Below are some records. Return exactly their lines from the one containing "Women's Monster High" through the one containing "Бинар по адресу", and drop the pictures.

++++ Records supplied ++++

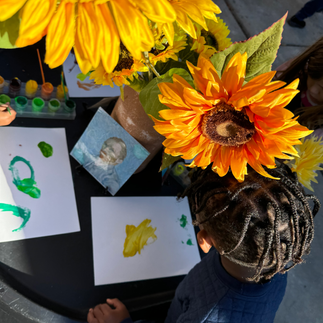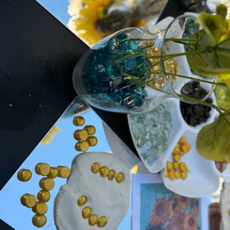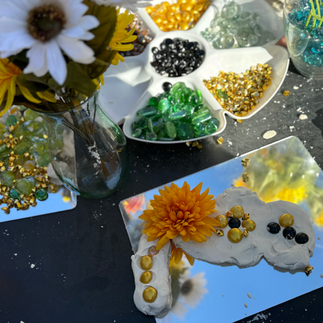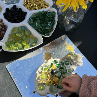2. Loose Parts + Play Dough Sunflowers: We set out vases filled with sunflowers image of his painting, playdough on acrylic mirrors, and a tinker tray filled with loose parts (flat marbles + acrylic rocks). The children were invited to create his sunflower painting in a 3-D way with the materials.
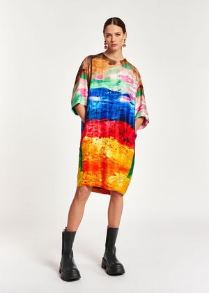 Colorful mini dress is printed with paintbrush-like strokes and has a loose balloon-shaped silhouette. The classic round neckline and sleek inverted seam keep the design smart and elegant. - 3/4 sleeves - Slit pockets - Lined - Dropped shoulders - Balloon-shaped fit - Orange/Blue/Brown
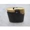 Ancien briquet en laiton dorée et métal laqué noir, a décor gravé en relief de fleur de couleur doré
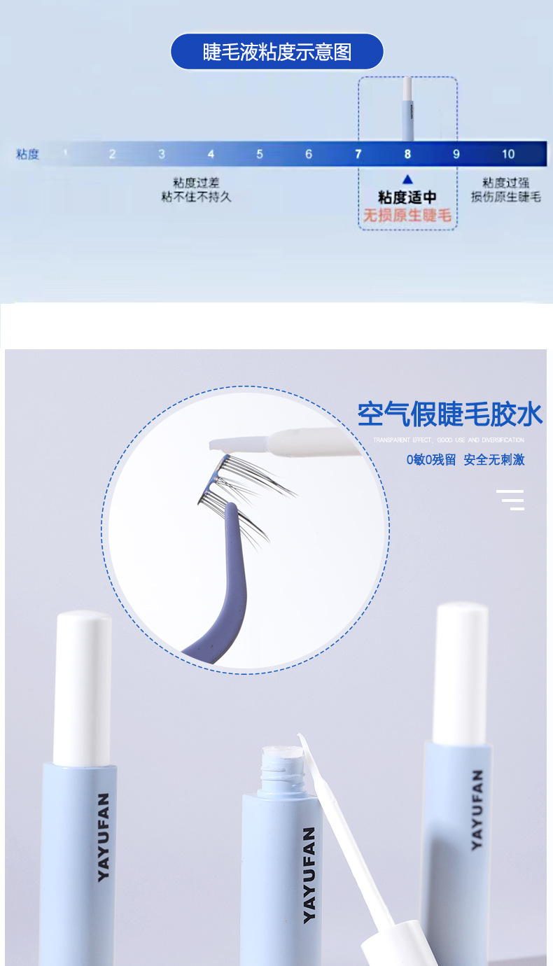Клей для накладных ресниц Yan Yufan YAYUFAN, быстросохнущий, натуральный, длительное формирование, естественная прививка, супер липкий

++++
++++ Records supplied ++++

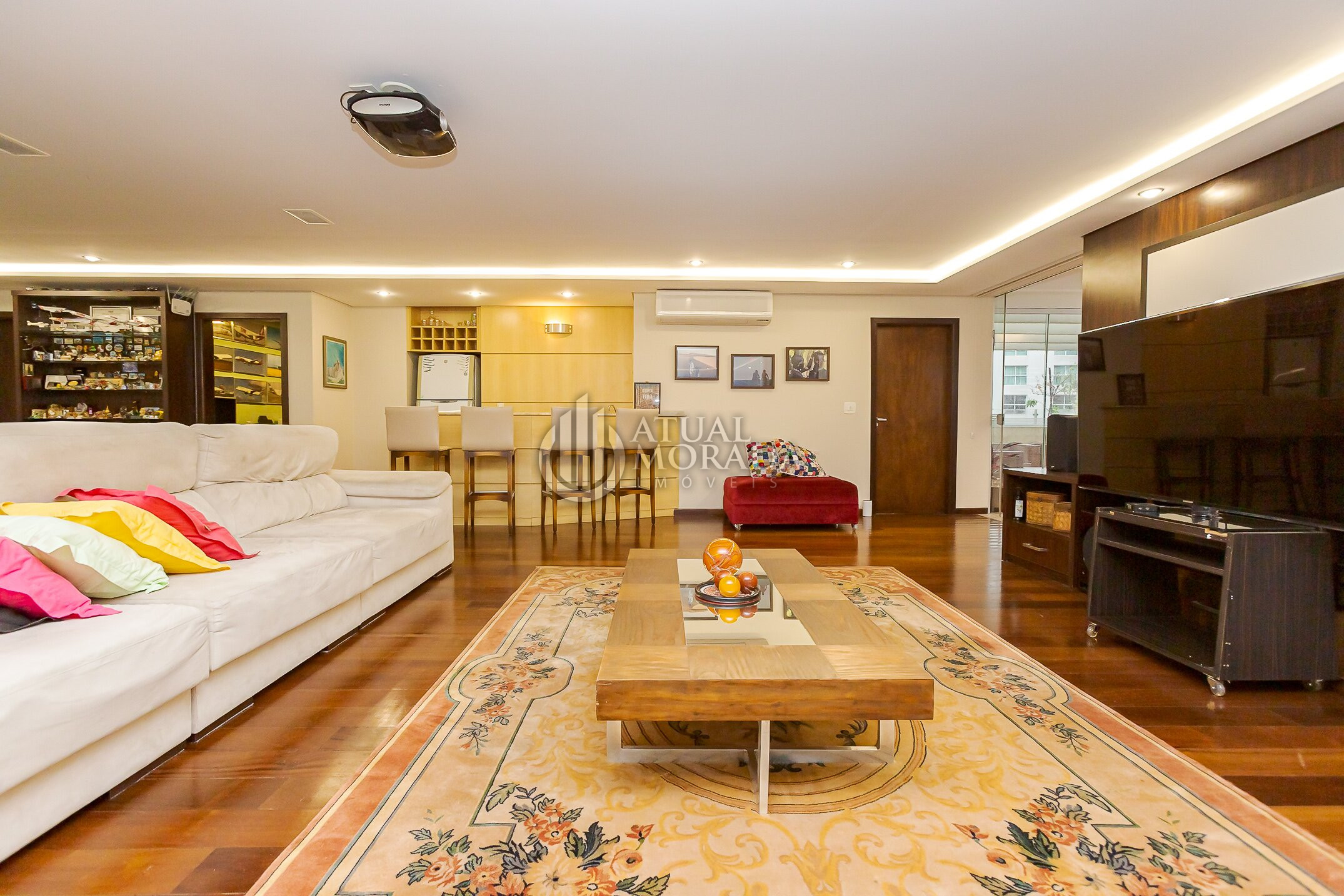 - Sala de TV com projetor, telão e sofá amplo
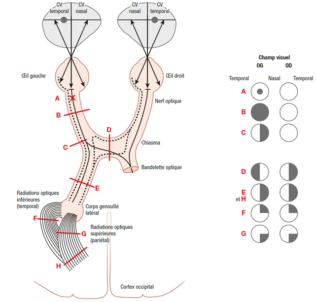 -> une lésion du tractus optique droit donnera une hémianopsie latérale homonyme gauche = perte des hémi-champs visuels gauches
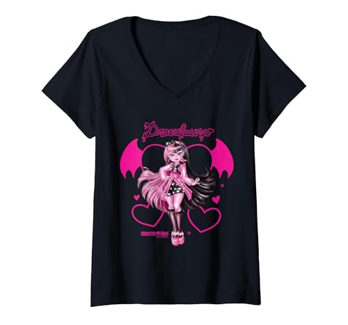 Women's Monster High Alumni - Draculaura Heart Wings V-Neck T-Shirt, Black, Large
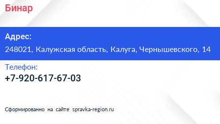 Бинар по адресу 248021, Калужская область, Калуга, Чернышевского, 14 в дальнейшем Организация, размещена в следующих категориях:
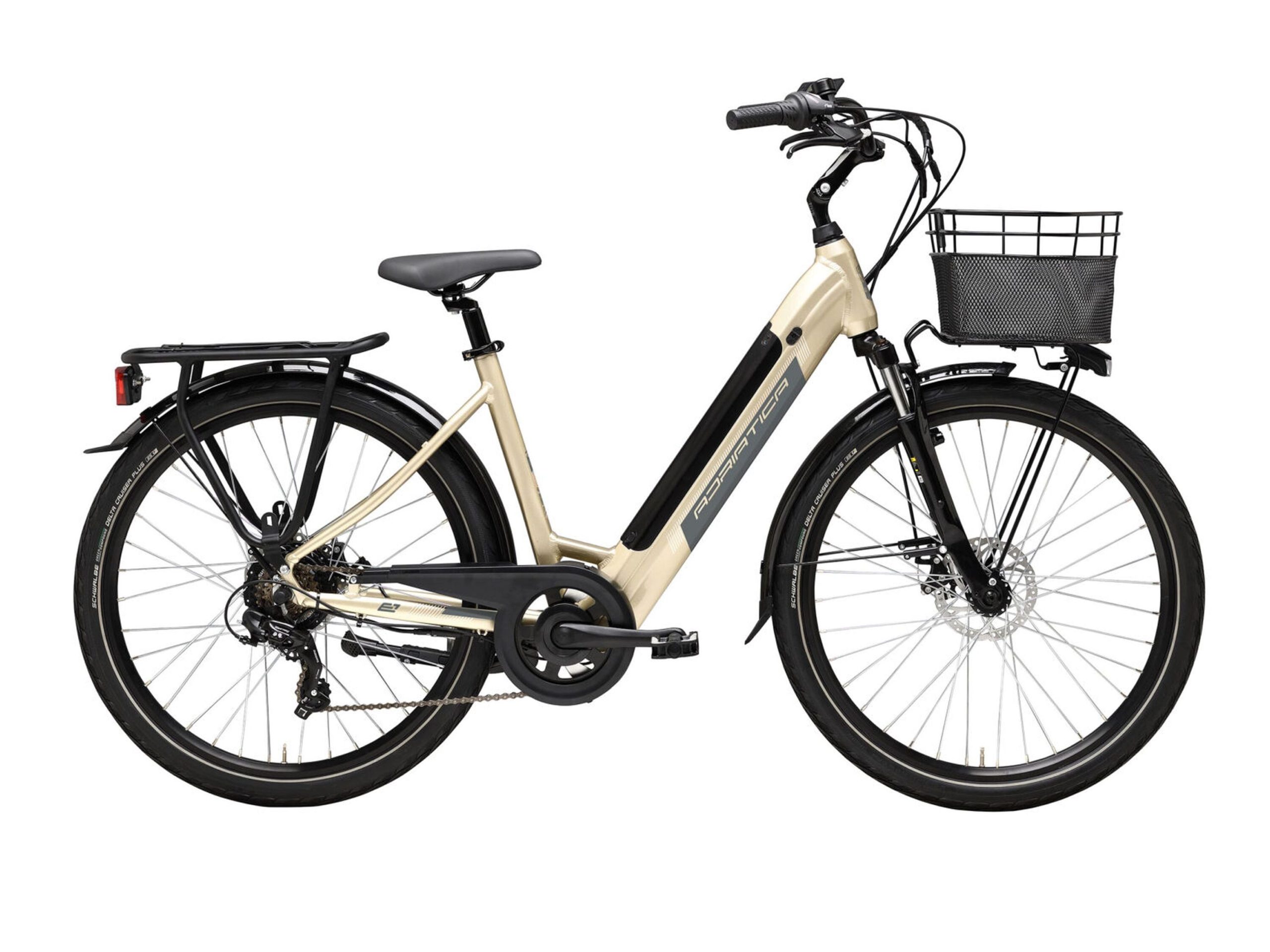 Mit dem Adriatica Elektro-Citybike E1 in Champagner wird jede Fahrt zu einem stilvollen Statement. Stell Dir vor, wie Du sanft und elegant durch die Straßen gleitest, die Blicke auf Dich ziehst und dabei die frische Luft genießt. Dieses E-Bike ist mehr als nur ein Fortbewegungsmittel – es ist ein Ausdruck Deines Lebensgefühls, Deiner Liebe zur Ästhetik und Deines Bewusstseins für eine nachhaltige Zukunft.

++++

### Result
 Women's Monster High Alumni - Draculaura Heart Wings V-Neck T-Shirt, Black, Large
 Бинар по адресу 248021, Калужская область, Калуга, Чернышевского, 14 в дальнейшем Организация, размещена в следующих категориях:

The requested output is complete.